Exercise data
+===+
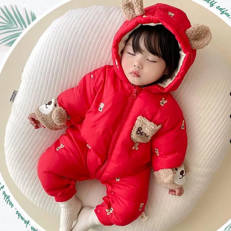 Winter Newborn Baby Romper Thicken Cotton Jumpsuit Infant Onesie Fleece Lining Hooded Rompers for Boy Girl Clothes Kids Outfit
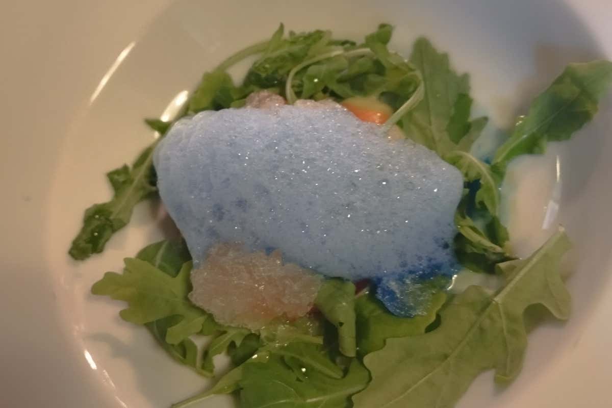 Mare di frutta, un carpaccio di salmone norvegese con mango, rucola, granita di bergamotto e gin,
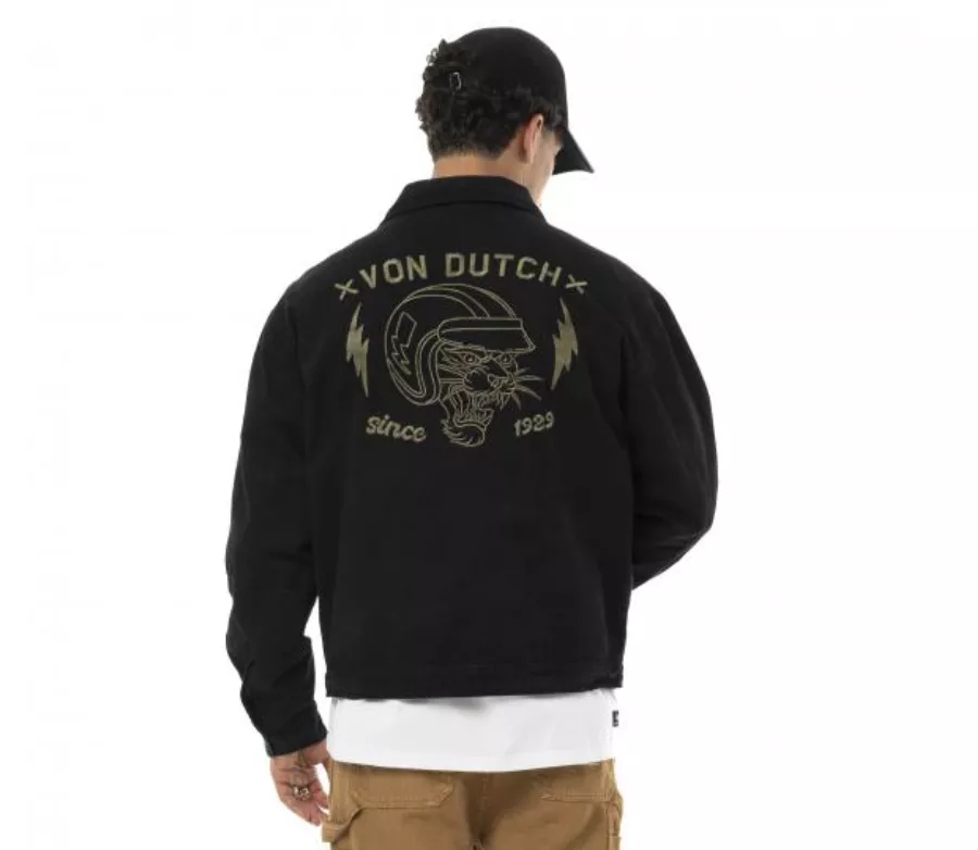 Kurtka Von Dutch z wyrazistymi naszywkami i logo na plecach. Zainspirowana amerykańską kulturą garażową, łączy estetykę kultowej marki z miejskim charakterem. Najważniejsze cechy: - Wytrzymały materiał z wyrazistymi detalami i naszywkami - Logo Von Dutch w widocznym miejscu na plecach - Klasyczny krój zapewniający wygodę na co dzień - Zapięcie na zamek błyskawiczny z przodu, boczne kieszenie do przechowywania drobiazgów - Stylowy dodatek dla osób poszukujących wyrazistych ubrań z duszą
+===+
Brief
If a picture falls within the span, leave it out, and reproduce exactly the lines from the one containing "Mare di frutta, un" through the end of the material, and no others.

Solved exercise
 Mare di frutta, un carpaccio di salmone norvegese con mango, rucola, granita di bergamotto e gin,
 Kurtka Von Dutch z wyrazistymi naszywkami i logo na plecach. Zainspirowana amerykańską kulturą garażową, łączy estetykę kultowej marki z miejskim charakterem. Najważniejsze cechy: - Wytrzymały materiał z wyrazistymi detalami i naszywkami - Logo Von Dutch w widocznym miejscu na plecach - Klasyczny krój zapewniający wygodę na co dzień - Zapięcie na zamek błyskawiczny z przodu, boczne kieszenie do przechowywania drobiazgów - Stylowy dodatek dla osób poszukujących wyrazistych ubrań z duszą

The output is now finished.